La Politica s’iscrive nell’ampia corrente dell’antimachiavellismo europeo, che aveva preso le mosse dall’opera di Giovanni Botero. Se Machiavelli aveva separato la politica dalla religione, attribuendo in certi casi alla seconda la funzione di strumento rispetto alla prima, Quevedo sottomette la politica alla religione. Nelle pagine che commentiamo l’affermazione di tale dipendenza è così recisa e intransigente da apparire paradossale: il re, secondo lo scrittore, deve essere imitatore di Cristo, anzi semplice esecutore della Sua volontà perché il vero re è Cristo stesso e il monarca umano il Suo vicario; il governo è un pesante fardello che deve essere sostenuto e sofferto minuto per minuto come un’amara passione; la cura regia non è in alcuna misura condivisibile né delegabile. La parte più viva del libro è proprio in quest’accentuazione stoica della cura o responsabilità quotidiana del regnare, e nella proclamazione della sua intrasferibilità, ciò che equivaleva a una condanna senza appello della prassi seicentesca dei favoriti.
L'ultima opera
L’ora di tutti e la fortuna con cervello, è una delle opere più significative della sua maturità di forse il capolavoro di Quevedo. L’ora di tutti é un’opera a cornice allegorico-mitologica: nel prologo Giove si lagna, di fronte al concilio degli Dei, dell’ingiustizia che governa il mondo, incarica la Fortuna di ristabilire ovunque, in un’ora predeterminata, la verità e la giustizia, e si compiace poi, nell’epilogo, dell’ordine morale ristabilito. Fra il prologo e l’epilogo trovano posto quaranta episodi aventi riferimento alle più disparate situazioni morali e politiche del mondo, che la Fortuna viene ad un certo punto a ribaltare, secondo le istruzioni ricevute. La critica ha notato come l’artificio letterario utilizzato da Quevedo abbia a fondamento il topos folkloristico del mondo alla rovescia; ma ha notato ugualmente come il ristabilimento della giustizia proclamato da Giove nel finale non sempre trovi rispondenza nel contesto concreto dei singoli episodi.

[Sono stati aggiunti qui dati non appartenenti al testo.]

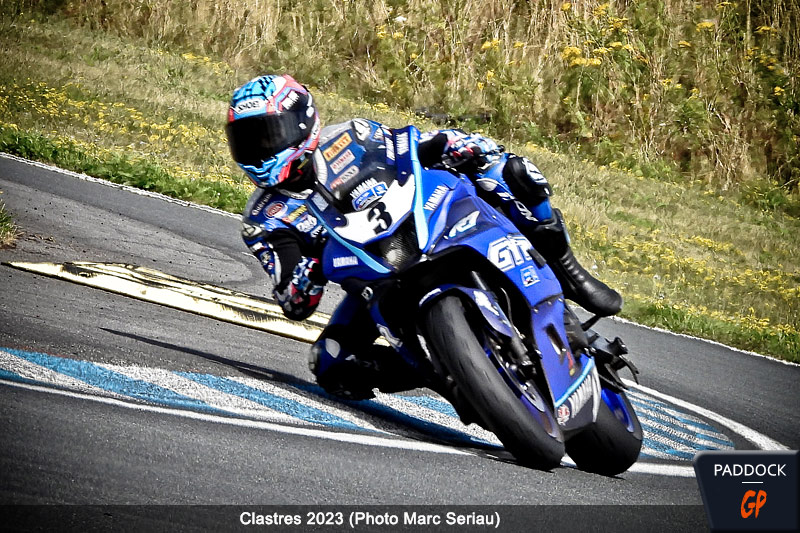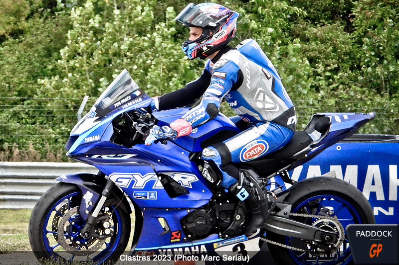 Comme Gautier Paulin ou Milko Potisek, Maxime Renaux, que l’on ne présente plus en motocross, était présent sur le circuit de Clastres pour coacher la partie tout-terrain. Sauf qu’avoir une Yamaha R7 et une piste de vitesse à sa disposition, ça tente, même si on s’est sérieusement blessé au pied deux mois auparavant.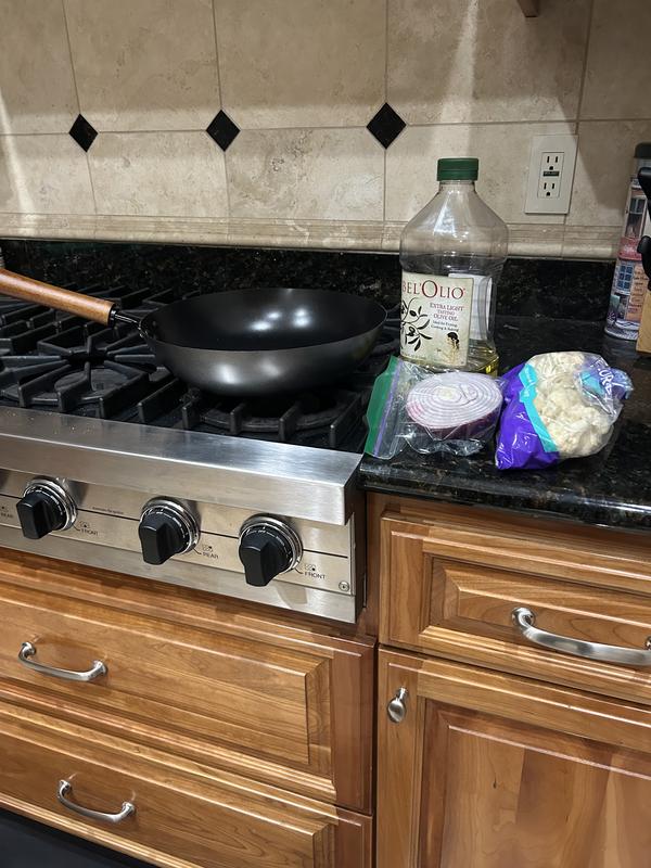 This stir fry pan is much thicker and stronger than I expected. I love the wood handle and the depth of this pan . I’ve been handwashing with soap and hot water and it’s been quick clean up. Getting a smaller version would probably be great.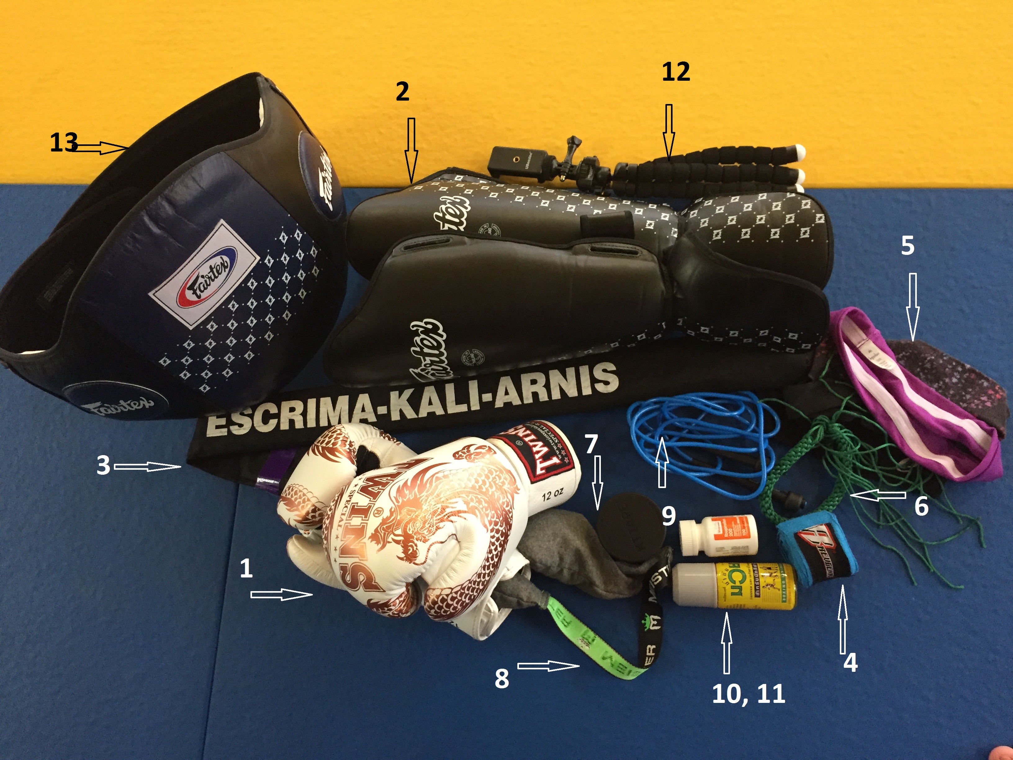 Thai shorts, water bottle, ankle brace, and mouth guard are not pictured here.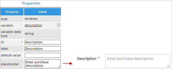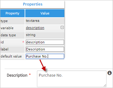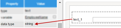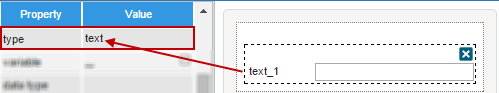 This property simply describes what type of control it is, and is automatically set when the control is added to the design. The value of the Type property is always the name of the control (in the image, the control is "text area", therefore, the value in the Type property is "text"), and cannot be changed by the user.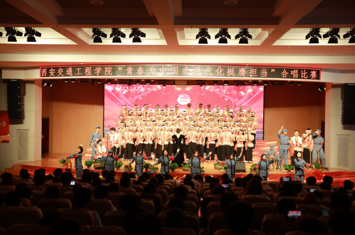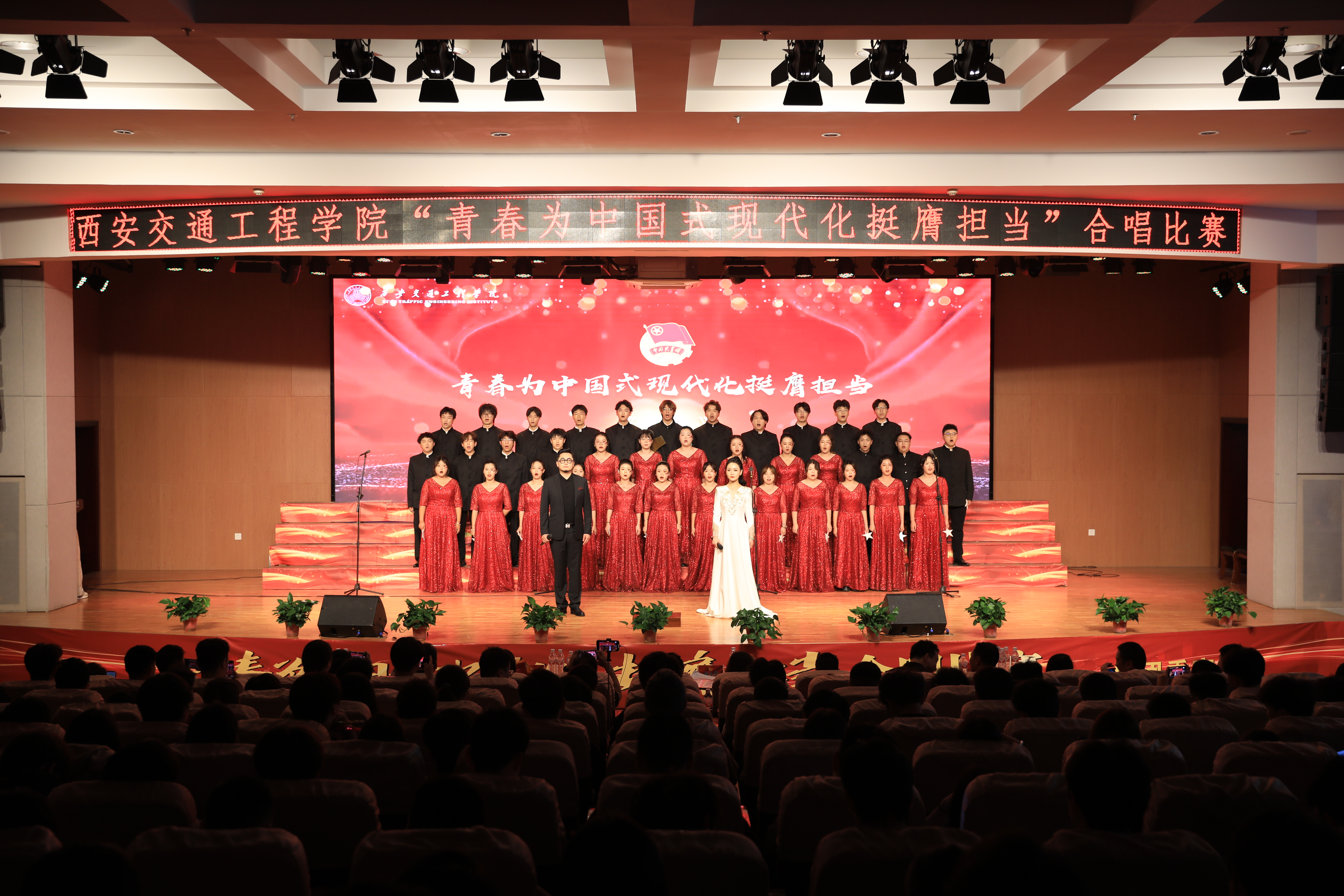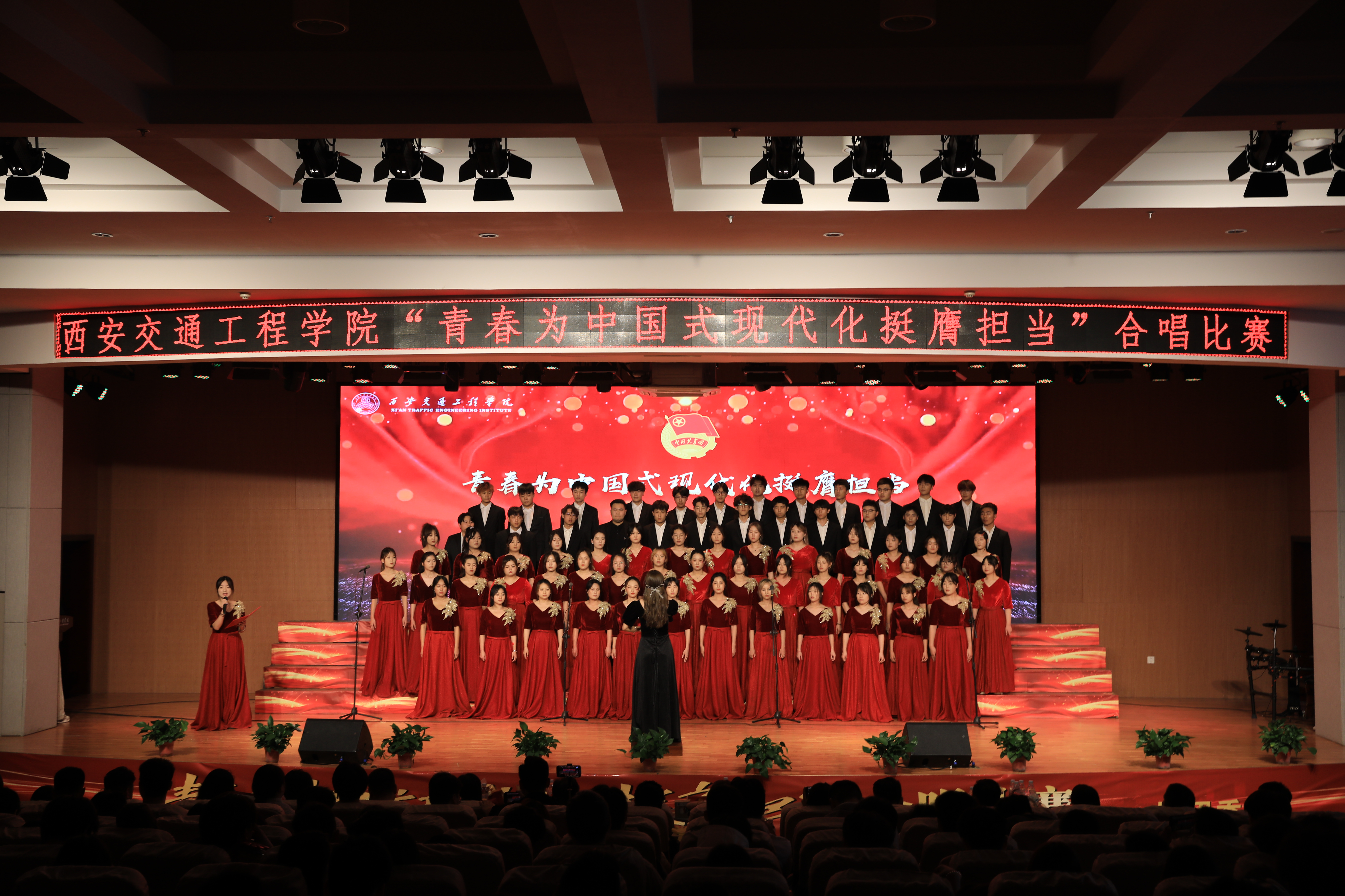 各参赛队伍以朝气蓬勃、昂扬向上的精神面貌,用热血沸腾、高昂嘹亮的歌声,唱出了对祖国深情的告白、对中国共产党的亲切热爱,对母校的深深眷恋。《有我》通过激昂的旋律和深情的歌词,表达了对青年一代的期许和激励,鼓励他们勇敢地追求梦想,为祖国的繁荣富强贡献自己的力量。《军民大生产》慷慨激昂的歌词、奋进明快的节奏、雄壮豪迈的曲调抒发出军民共同热火朝天的劳动,抒发出对祖国欣欣向荣的热爱。《没有共产党就没有新中国》旋律深情而庄重,歌词简洁而有力,合唱队员们用真挚的情感,唱出了对共产党的感激与敬仰。《国家》《大中国》道尽了青年学子对党和国家的浓浓深情,鼓励着青年为中华民族的伟大复兴而自强;《东方红》《紫荆花盛开》唱出青年学子坚定理想、百折不挠的奋斗精神,展现了青年学子的蓬勃朝气,体现了当代大学生勇立潮头、迎难而上的信心;展现了当代青年应有的责任与担当,以及对美好明天的憧憬。合唱此赛在人文与管理学院合唱团的歌声中落下帷幕,他们演唱的《如愿》《灯火里的中国》不仅是一首优美的歌曲,更是一个时代的记忆和情感的载体。它用音乐的方式,将两代人的奋斗与传承、亲情与家国情怀紧密地联系在一起,成为了一首能够跨越时间和空间,触动人心深处的经典之作。11支合唱队伍着装统一,合唱表演形式多样,精彩纷呈。活动现场,交院青年用嘹亮的歌声表达着对对革命历史和先烈的怀念与崇敬、表现了交院青年积极向上的精神风貌以及对美好生活的向往和追求。

Sotto il velo della mitologia si cela il discorso dei principi, del dover essere, la lucida consapevolezza dell’inarrestabile decomposizione dell’ideale universalista ispanico, ma perfino dei dettagli tecnici della bancarotta che incombeva sulla Spagna per colpa di Olivares. Il danaro rappresenta sempre, certo, la peggiore insidia per l’etica della sua classe, ma appare altresì come «Circe, che tutto ciò che le si avvicina o di lei si innamora, lo muta in varie forme». Lo scrittore guarda con distacco i relitti della sua illusione aristocratico-cavalleresca; presagendo la disgrazia presso il favorito cui duri anni di prigioone nelle segrete del convento di Leòn, da cui uscirà solo pochi mesi prima della morte.